• [ABOUT THIS TASK]: What you write should match, word for word, the lines from the one containing "This research paper, by" through the end of the data, with no pictures.

• [SUPPLIED INFORMATION]:
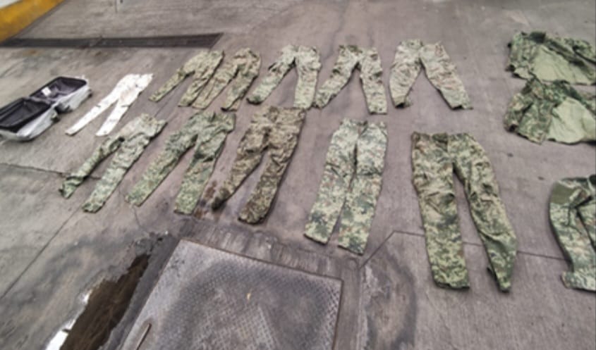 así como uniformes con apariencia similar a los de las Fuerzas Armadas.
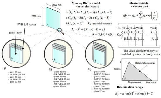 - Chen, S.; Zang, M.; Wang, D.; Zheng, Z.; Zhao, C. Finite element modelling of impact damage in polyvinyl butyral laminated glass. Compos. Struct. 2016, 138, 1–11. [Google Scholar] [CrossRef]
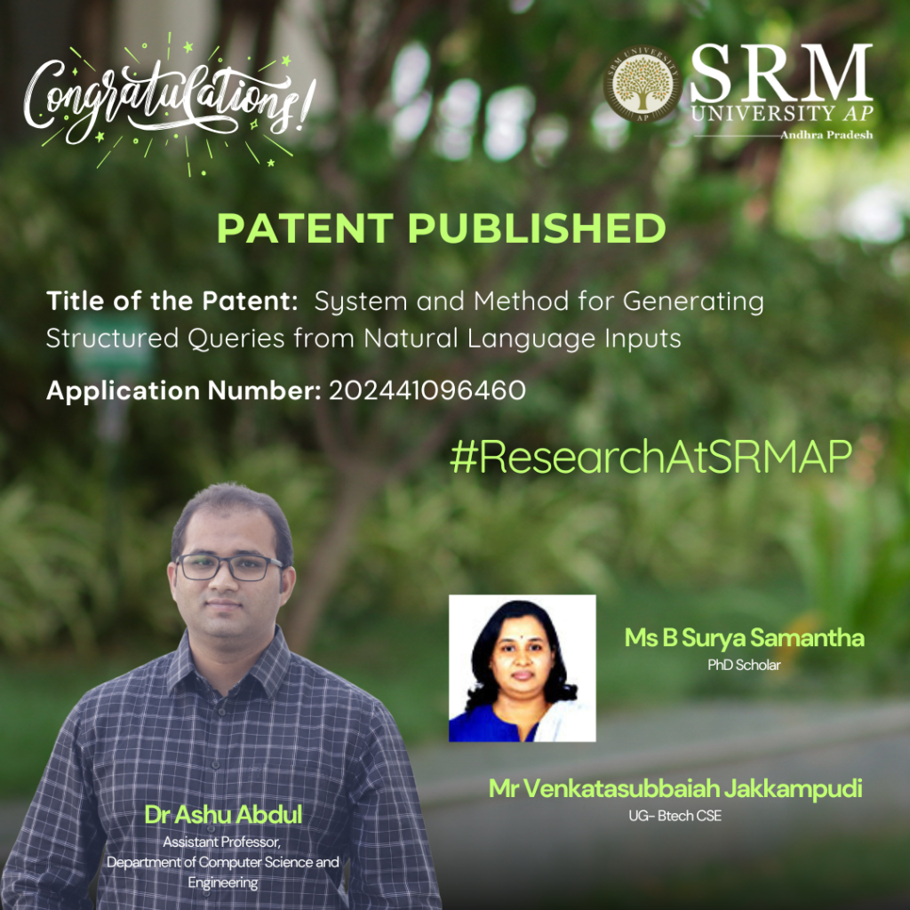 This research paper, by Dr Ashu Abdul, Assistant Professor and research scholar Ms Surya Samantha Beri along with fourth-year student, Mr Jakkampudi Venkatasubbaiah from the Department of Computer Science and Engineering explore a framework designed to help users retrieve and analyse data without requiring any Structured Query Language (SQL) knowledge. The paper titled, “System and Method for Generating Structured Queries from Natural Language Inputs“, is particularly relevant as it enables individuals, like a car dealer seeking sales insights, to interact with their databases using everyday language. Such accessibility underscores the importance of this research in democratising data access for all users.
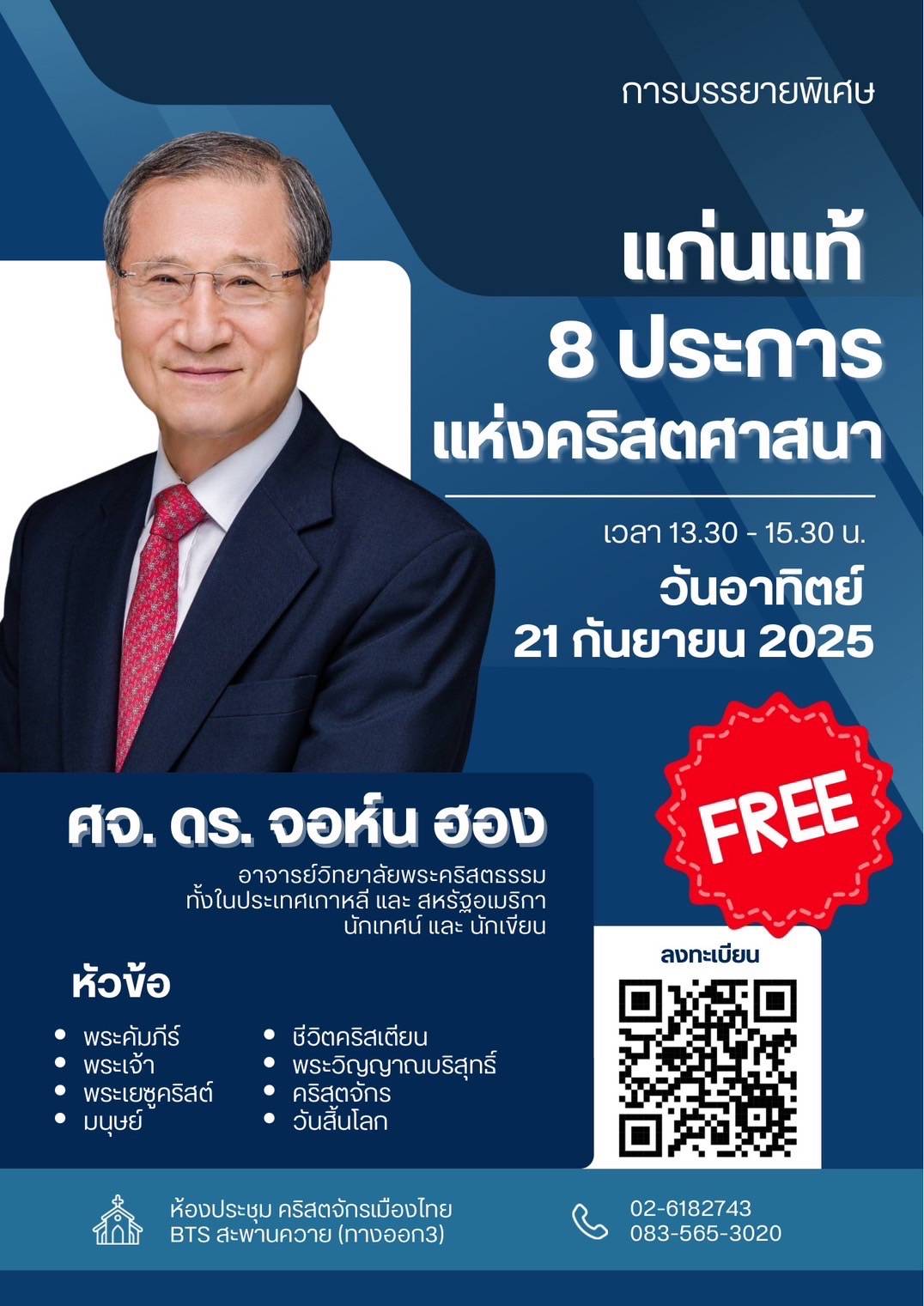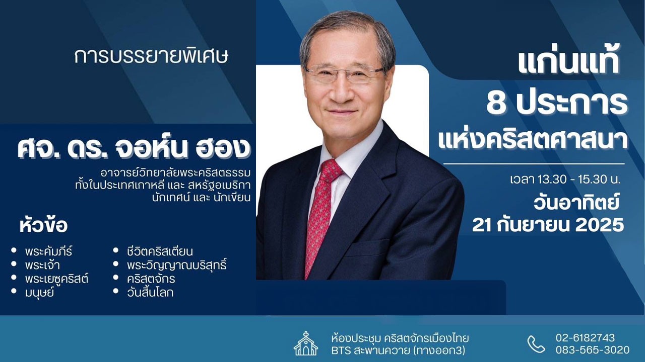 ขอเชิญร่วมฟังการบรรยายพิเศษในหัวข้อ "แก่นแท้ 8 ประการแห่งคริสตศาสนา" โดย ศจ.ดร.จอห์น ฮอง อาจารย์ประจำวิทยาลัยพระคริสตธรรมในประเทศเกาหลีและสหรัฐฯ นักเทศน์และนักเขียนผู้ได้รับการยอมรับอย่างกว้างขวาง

• [THE ANSWER]:
 This research paper, by Dr Ashu Abdul, Assistant Professor and research scholar Ms Surya Samantha Beri along with fourth-year student, Mr Jakkampudi Venkatasubbaiah from the Department of Computer Science and Engineering explore a framework designed to help users retrieve and analyse data without requiring any Structured Query Language (SQL) knowledge. The paper titled, “System and Method for Generating Structured Queries from Natural Language Inputs“, is particularly relevant as it enables individuals, like a car dealer seeking sales insights, to interact with their databases using everyday language. Such accessibility underscores the importance of this research in democratising data access for all users.
 ขอเชิญร่วมฟังการบรรยายพิเศษในหัวข้อ "แก่นแท้ 8 ประการแห่งคริสตศาสนา" โดย ศจ.ดร.จอห์น ฮอง อาจารย์ประจำวิทยาลัยพระคริสตธรรมในประเทศเกาหลีและสหรัฐฯ นักเทศน์และนักเขียนผู้ได้รับการยอมรับอย่างกว้างขวาง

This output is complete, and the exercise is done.